Hello everyone ~
In this issue, I recommend some pandas Efficient data processing functions ( Continuous updating ), I hope it helped you :
df_dict = {'name':['Alice_001','Bob_002','Cindy_003','Eric_004','Helen_005','Grace_006'],'sex':['female','male','female','male','female','male'],'math':[90,89,99,78,97,93],'english':[95,94,80,94,94,90]} #[1]. Write parameters directly test_dict df = pd.DataFrame(df_dict) #[2]. Dictionary assignment df = pd.DataFrame(data=df_dict)
Character splitting :
df1[['name', 'id']] = df1['name'].str.split('_', 2, expand = True)

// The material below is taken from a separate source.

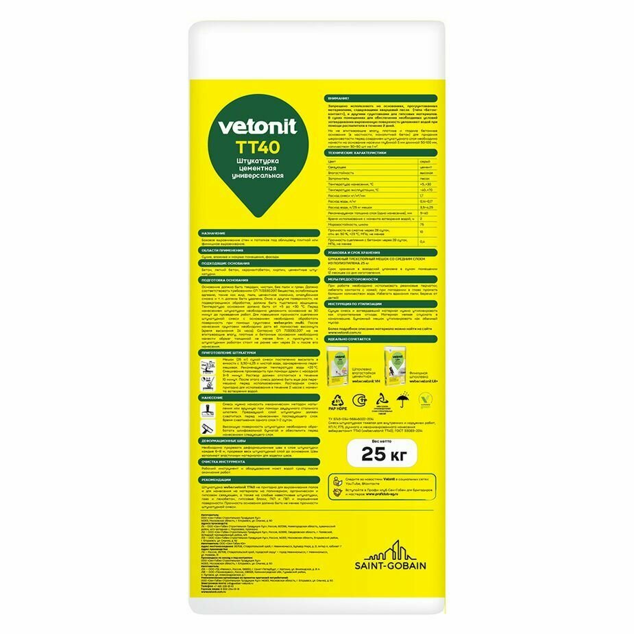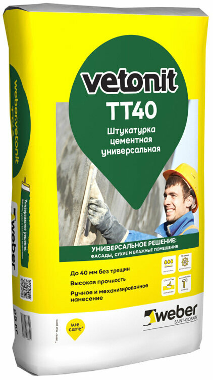 Вебер. ветонит ТТ 40 штукатурка цементная универальная (25кг) / WEBER.VETONIT TT40 штукатурка цементная универсальная (25кг) информация:

Regular expression splitting :
df2 = df.copy() df2['name2'] = df2['name'].str.extract('([A-Z]+[a-z]+)') df2['id2'] = df2['name'].str.extract('(\d+)')
Custom connector :
df1["name_id"] = df1["name"].str.cat(df1["id"],sep='_'*3)
Merge output of a column :
df1["name"].str.cat(sep='*'*5)
padding-left :
df1["id"] = df1["id"].str.pad(10,fillchar="*") # amount to ljust() df1["id"] = df1["id"].str.rjust(10,fillchar="*")
Right fill :
df1["id"] = df1["id"].str.pad(10,side="right",fillchar="*")
Fill both sides :
df1["id"] = df1["id"].str.pad(10,side="both",fillchar="*")
Filter numeric Columns :
df1.select_dtypes(include=['float64', 'int64'])
Screening object Column :
df1.select_dtypes(include=['object'])
English achievement ranking :
df1['e_rank'] = df1['english'].rank(method='min',ascending=False)
94 There are three , So the three are tied for the first place 2.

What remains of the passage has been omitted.